Extracted material START
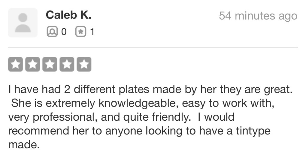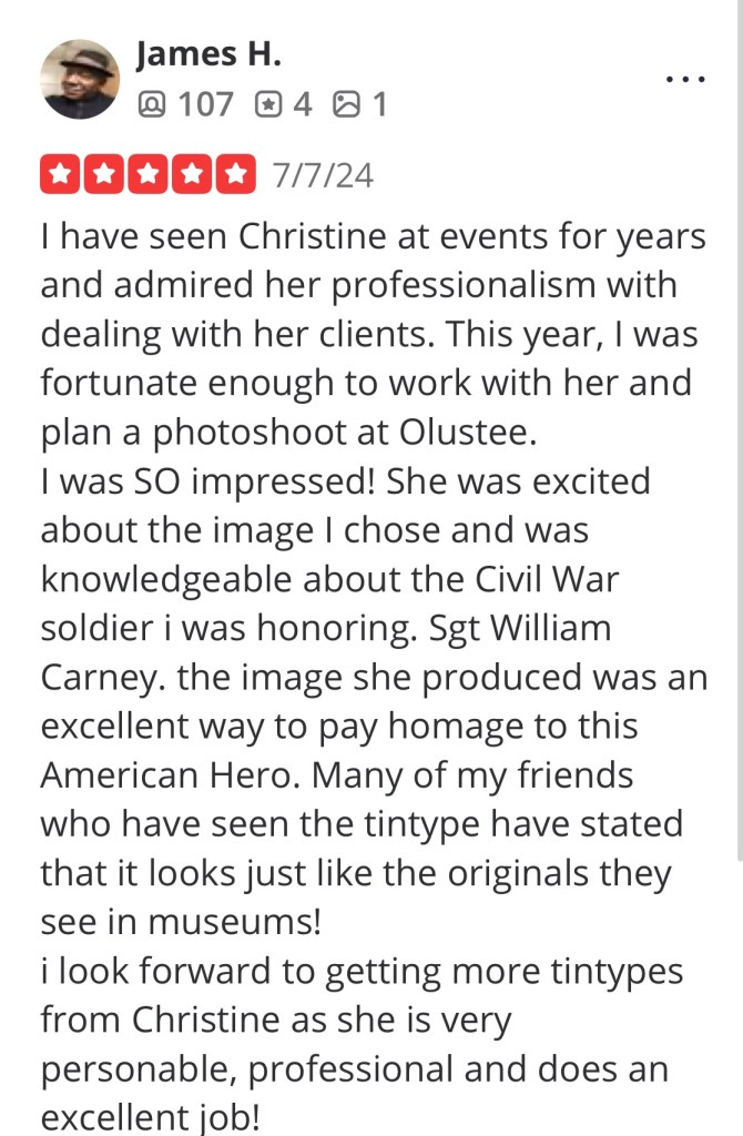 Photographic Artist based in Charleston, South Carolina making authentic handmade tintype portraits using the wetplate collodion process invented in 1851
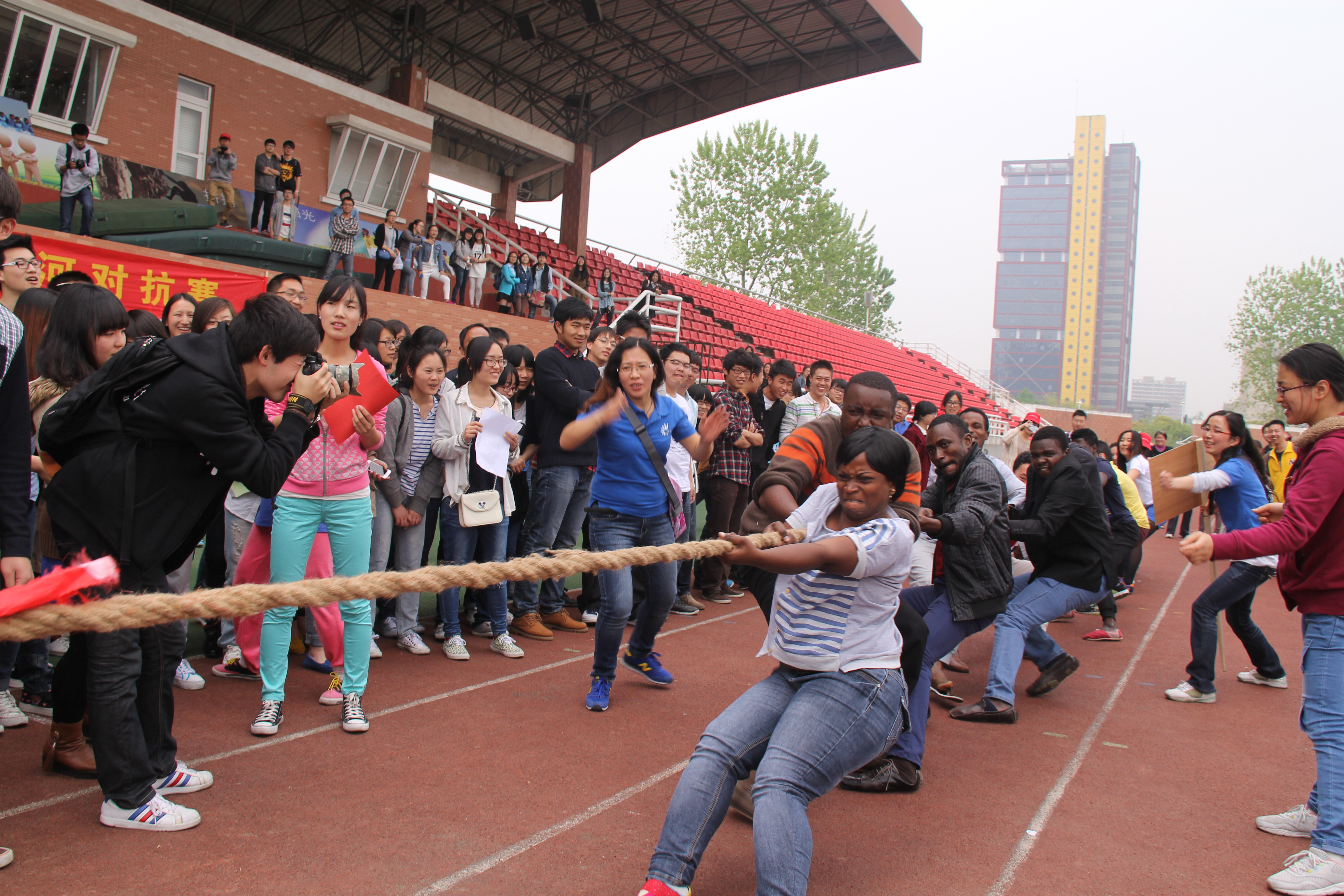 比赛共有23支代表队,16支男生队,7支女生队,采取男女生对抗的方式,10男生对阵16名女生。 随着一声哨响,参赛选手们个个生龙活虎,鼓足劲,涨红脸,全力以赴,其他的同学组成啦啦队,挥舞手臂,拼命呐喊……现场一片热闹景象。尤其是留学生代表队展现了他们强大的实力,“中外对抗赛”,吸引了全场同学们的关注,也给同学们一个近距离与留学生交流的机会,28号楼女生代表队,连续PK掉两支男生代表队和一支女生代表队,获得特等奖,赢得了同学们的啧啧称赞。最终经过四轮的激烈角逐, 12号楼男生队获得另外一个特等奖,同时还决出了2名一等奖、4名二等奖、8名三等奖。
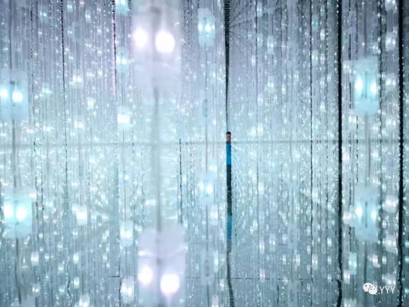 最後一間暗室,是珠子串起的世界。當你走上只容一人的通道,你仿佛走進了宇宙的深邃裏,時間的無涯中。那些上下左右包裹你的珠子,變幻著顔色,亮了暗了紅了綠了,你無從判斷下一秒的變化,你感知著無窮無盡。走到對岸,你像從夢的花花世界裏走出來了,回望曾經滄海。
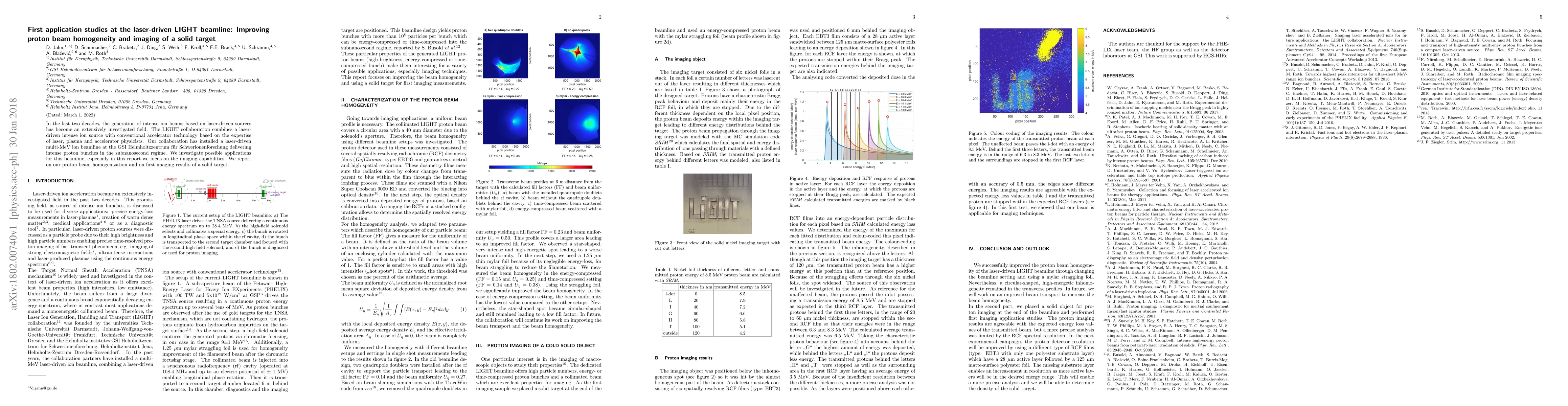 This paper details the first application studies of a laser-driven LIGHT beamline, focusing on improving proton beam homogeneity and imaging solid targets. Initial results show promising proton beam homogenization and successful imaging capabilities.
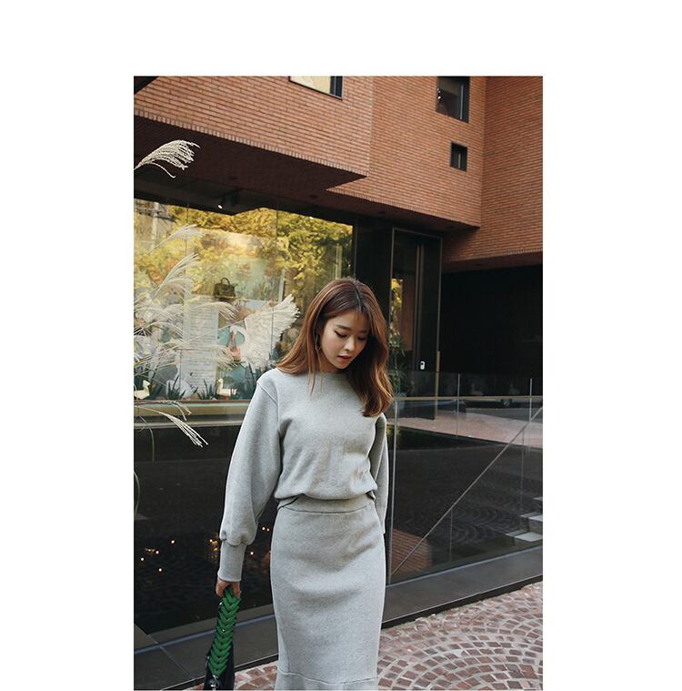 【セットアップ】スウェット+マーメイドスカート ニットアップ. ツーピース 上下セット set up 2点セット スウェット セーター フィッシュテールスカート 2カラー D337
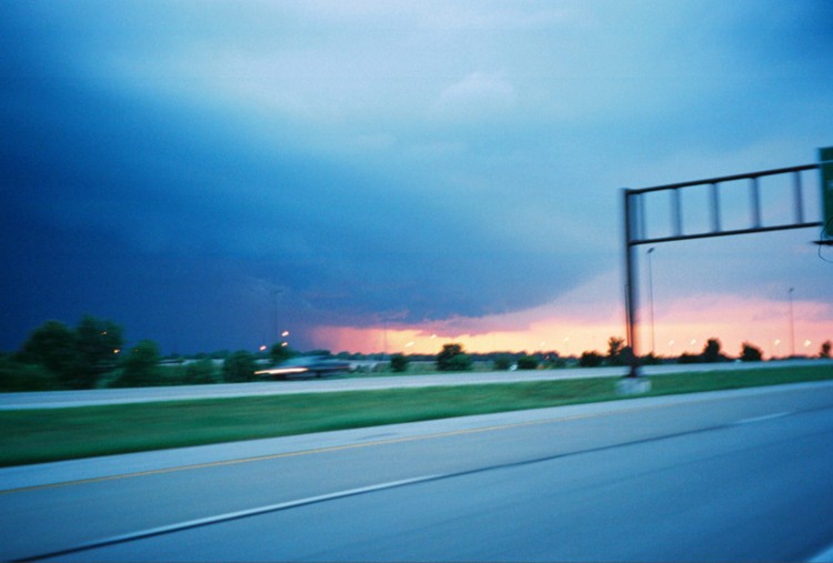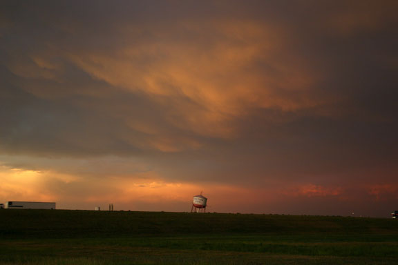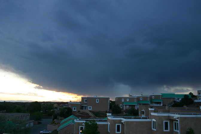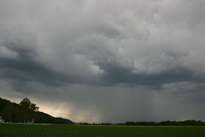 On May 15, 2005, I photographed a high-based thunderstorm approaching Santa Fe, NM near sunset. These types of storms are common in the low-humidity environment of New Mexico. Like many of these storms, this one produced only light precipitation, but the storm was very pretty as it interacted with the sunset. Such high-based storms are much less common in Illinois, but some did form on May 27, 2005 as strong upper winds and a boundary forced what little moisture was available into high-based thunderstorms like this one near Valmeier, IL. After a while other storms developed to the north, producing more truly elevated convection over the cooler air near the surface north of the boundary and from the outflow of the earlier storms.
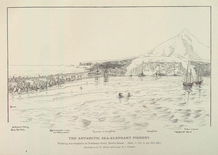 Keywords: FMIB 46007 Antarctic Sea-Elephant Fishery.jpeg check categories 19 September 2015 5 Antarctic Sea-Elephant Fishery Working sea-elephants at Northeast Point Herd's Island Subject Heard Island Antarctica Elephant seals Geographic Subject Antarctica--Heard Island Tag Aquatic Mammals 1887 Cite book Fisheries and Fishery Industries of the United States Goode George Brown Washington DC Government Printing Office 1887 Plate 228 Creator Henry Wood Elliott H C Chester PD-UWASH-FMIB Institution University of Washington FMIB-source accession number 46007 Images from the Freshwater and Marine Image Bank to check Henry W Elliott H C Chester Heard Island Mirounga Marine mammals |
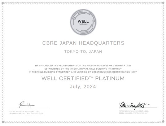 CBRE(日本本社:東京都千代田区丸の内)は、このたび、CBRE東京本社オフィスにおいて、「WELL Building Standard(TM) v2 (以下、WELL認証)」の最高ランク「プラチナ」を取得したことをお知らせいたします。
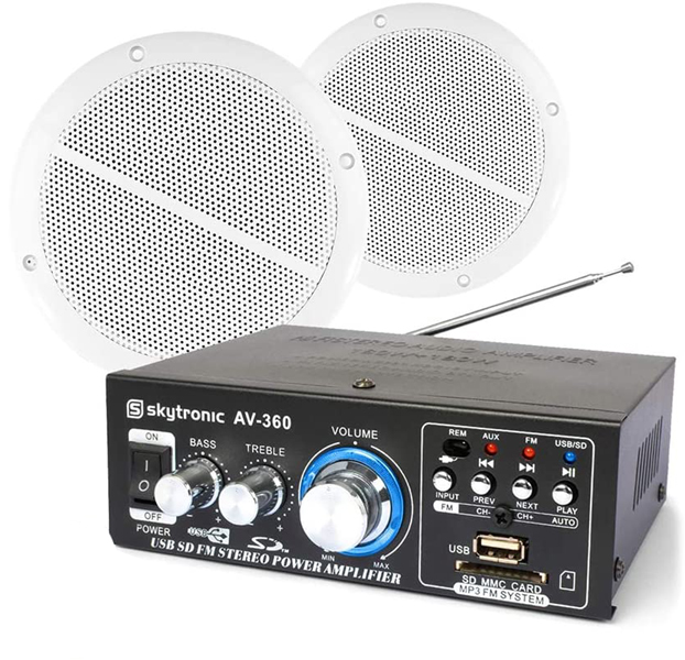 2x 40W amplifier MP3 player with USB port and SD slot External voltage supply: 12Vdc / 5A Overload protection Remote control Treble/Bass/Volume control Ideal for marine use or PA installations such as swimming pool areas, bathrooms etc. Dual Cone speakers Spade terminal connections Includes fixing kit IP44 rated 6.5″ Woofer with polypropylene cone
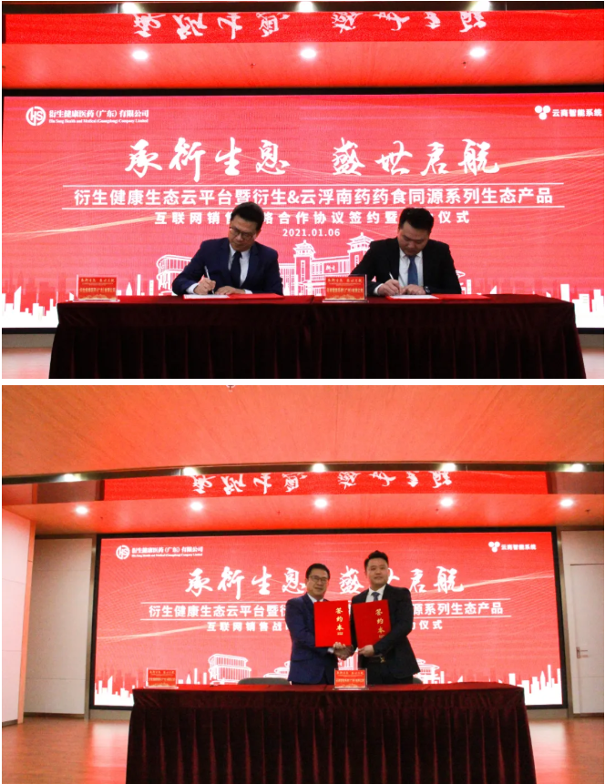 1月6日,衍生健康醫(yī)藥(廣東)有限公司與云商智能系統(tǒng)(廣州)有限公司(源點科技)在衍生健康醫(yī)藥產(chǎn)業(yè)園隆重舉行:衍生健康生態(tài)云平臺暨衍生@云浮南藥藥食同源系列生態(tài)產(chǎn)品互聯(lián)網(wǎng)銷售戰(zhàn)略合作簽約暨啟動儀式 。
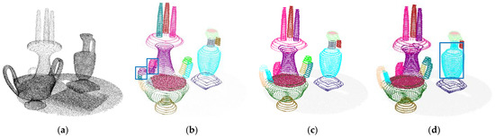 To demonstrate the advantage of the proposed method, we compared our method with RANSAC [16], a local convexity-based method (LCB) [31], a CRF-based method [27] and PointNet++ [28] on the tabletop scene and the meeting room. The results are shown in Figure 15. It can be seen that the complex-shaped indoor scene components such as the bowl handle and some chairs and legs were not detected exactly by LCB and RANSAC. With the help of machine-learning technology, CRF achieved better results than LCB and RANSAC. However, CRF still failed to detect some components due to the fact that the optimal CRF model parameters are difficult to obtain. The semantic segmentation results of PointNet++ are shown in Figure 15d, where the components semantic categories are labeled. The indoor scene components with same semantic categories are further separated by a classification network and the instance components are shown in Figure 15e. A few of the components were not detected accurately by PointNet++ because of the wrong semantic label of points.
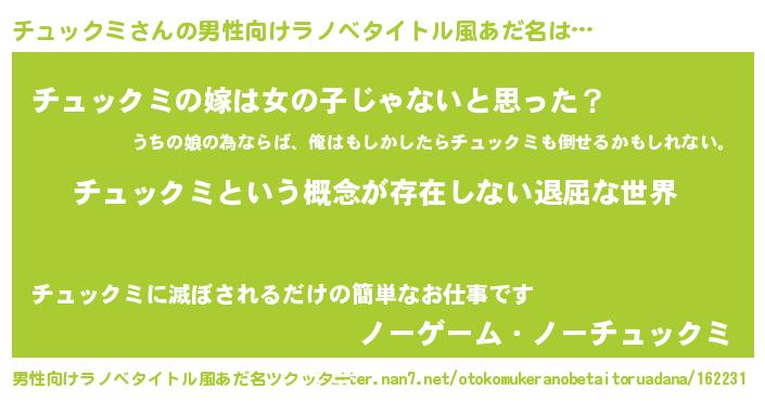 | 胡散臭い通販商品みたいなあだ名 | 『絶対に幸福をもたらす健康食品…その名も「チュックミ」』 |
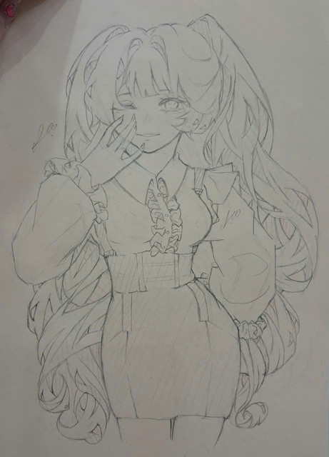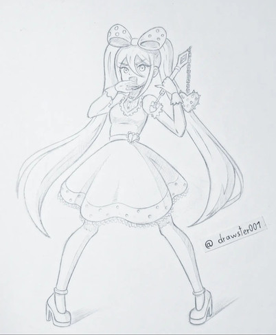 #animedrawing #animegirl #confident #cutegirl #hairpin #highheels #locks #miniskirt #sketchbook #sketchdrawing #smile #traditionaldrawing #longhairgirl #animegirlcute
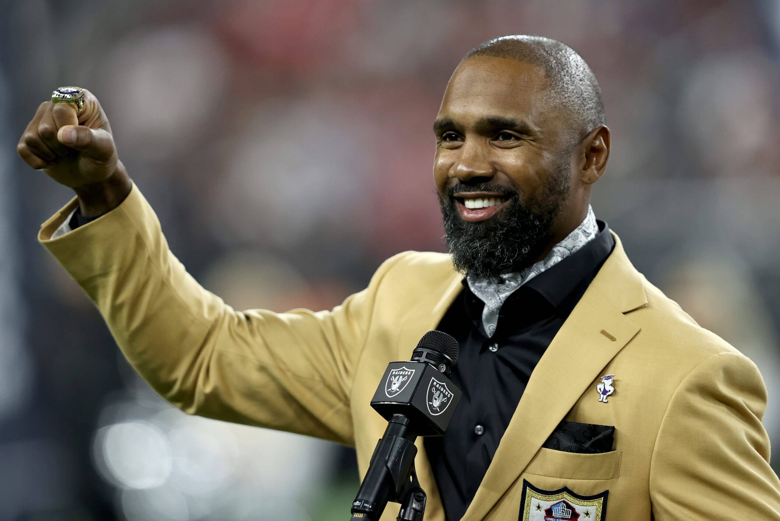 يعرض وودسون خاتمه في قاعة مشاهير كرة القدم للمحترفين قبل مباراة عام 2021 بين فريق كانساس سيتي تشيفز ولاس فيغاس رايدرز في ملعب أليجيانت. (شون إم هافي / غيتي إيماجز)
Extracted material END
Everything from the line with "#animedrawing #animegirl #confident" through the end of the records above, both ends included, is to be reproduced exactly, and nothing outside that span; the pictures are to be dropped.

 #animedrawing #animegirl #confident #cutegirl #hairpin #highheels #locks #miniskirt #sketchbook #sketchdrawing #smile #traditionaldrawing #longhairgirl #animegirlcute
 يعرض وودسون خاتمه في قاعة مشاهير كرة القدم للمحترفين قبل مباراة عام 2021 بين فريق كانساس سيتي تشيفز ولاس فيغاس رايدرز في ملعب أليجيانت. (شون إم هافي / غيتي إيماجز)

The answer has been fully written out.